Fortunately at least one analyst thinks this is nonsense. According to Steve Wallage, MD of research firm BroadGroup, the datacentre is the foundation of the cloud. “The great advantage of the datacentre is it’s the one physical port in the virtual economy,” he argues. “That physicality can be tremendously reassuring.”
However, Wallage warns, just as IT can be dislocated from business strategy, datacentres are often dislocated from IT. They become a low priority and can be the cause of clashes between the heads of property, facilities management and IT, so companies tend not to concentrate on their power or their impact on the business.
In a way, the rise of cloud computing could help remind the business of the strategic importance of the datacentre. “The cloud will not kill off datacentres, but will instead make them more important,” says Wallage.
Projections see the internet expanding fifty-fold over next decade, adds the analyst. Even with virtualisation’s savings, this means there’ll be a tenfold increase in server numbers.
“The uncertainty around cloud’s security, performance and ROI have created a lot of resistance to change in the datacentre,” says Wallage. The majority of investment in datacentres goes on mechanical and engineering (M&E) elements such as chillers, power distribution and generators, all solid reliable items that are as far from cloud culture as it is possible to get.
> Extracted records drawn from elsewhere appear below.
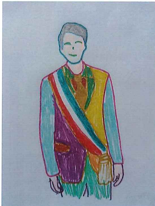
Port de l'écharpe tricolore par le maire

élèves de la classe de CM1/CM2 de Mme Thomas Maude
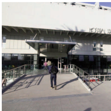
La mujer está internada en el Centenario.

traumatismos, uno de ellos en el cráneo. Declaró al recobrar la consciencia que recuerda haber discutido con su expareja antes de sufrir los golpes.
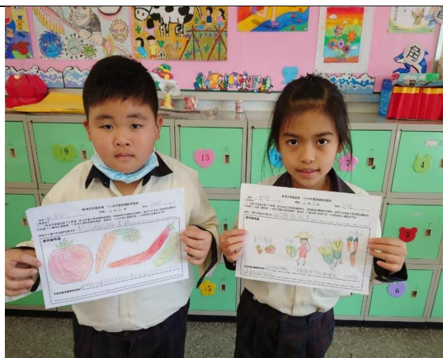
二分之一農場參觀學習單製作2
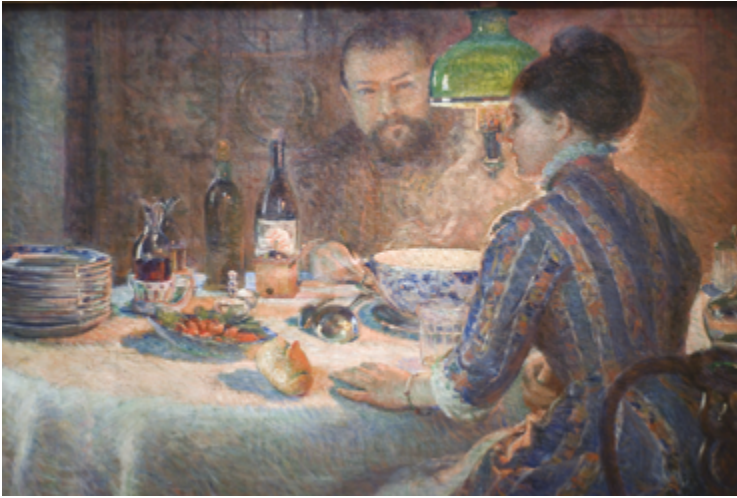
Sous la Lampe , Sisley et sa femme dînant chez les Braquemond à Sèvres. Peinture : Marie Bracquemond, 1877.

Que réservent les changements climatiques à la longévité humaine ? En affectant d'abord les personnes âgées, l'augmentation du nombre d'épisodes de canicule et l'accroissement de la pollution risquent-ils de contribuer à réduire l'espérance de vie ? La réponse à ces questions nous apparaît avec des contours de plus en plus nets.
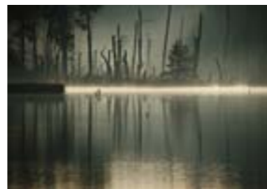
Dezember Schönramer Filz (Traunstein | Berchtesgadener Land) „Morgenerwachen im Moor“
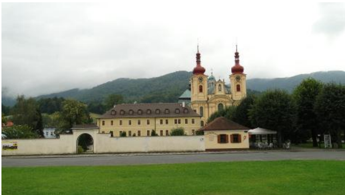
Sanktuarium w Hejnicach.

Gdy tak czekaliśmy by ruszyć w dalszą trasę z niepokojem patrzyliśmy na spowite w mgłach góry. To przecież tam mamy za chwilę się wspinać. Na szczytowej skałce widać krzyż. Mamy nadzieję, że chmury zostaną rozwiane i nie zaczną padać. Byłoby nieciekawie. Ruszamy zatem do cukierenki. Może coś smacznego poprawi nam humory. Po chwili zastanowienia wybieramy jednak lody. Okazało
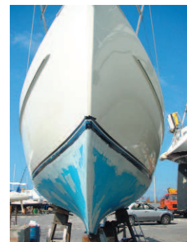
Le fiancate della barca tornano come nuove dopo l'applicazione dello smalto
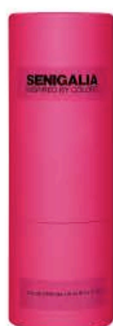
DONNA X125 OLIMPEA SOLAR

Almizcle + Floral Mango, Bergamota, Jazmín, Incienso, Vainilla, Sándalo.
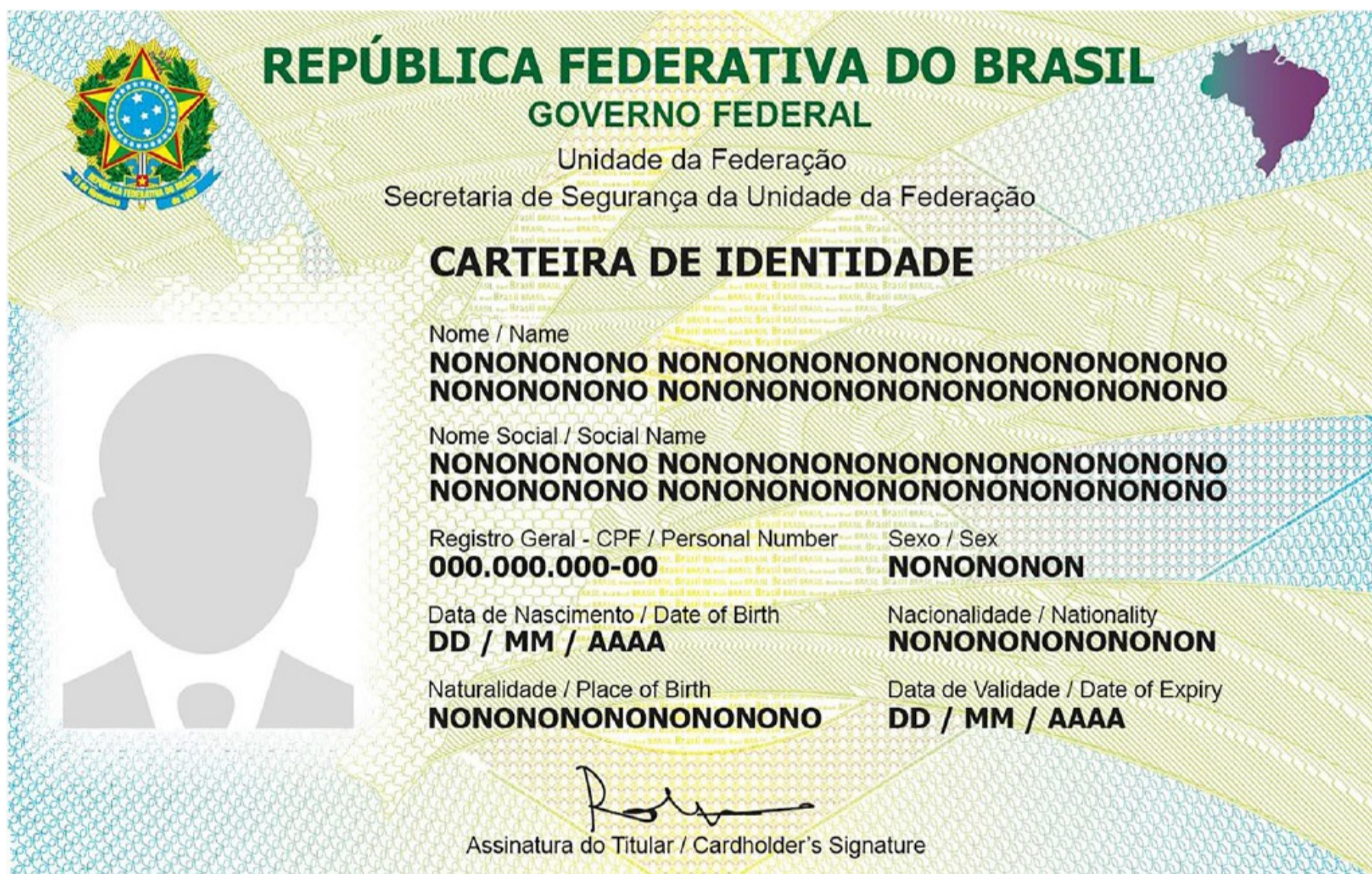
Figura 2 - Imagem do reverso da Carteira de Identidade

com todos os elementos visíveis e variáveis
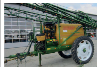
2066829 Amazone UG 3000 Power BJ 2002, Einzelspritze, 3000 ltr Fassvolumen

Uncertainty is a big factor driving the demand for datacentres. Any company spending a hundred million plus on a large new DC – Google spent $900m last quarter – will want it to last at least 15 years, he argues.
“Given the uncertainty around cloud and IT development, can you have any confidence in IT needs over that period?” says Wallage. Banks like Lloyds TSB, who clearly also have business uncertainties, are delaying major datacentre decisions, he reports.
The cloud is making datacentres both smaller and more remote, Wallage adds. Ten years ago, global datacentre builder Digital Realty was building installations with an average life of 14 years and 20,000ft2 in size. Today, a typical UK deal is for a datacentre of between 4000 and 6000ft2 in size with a life of five to seven years.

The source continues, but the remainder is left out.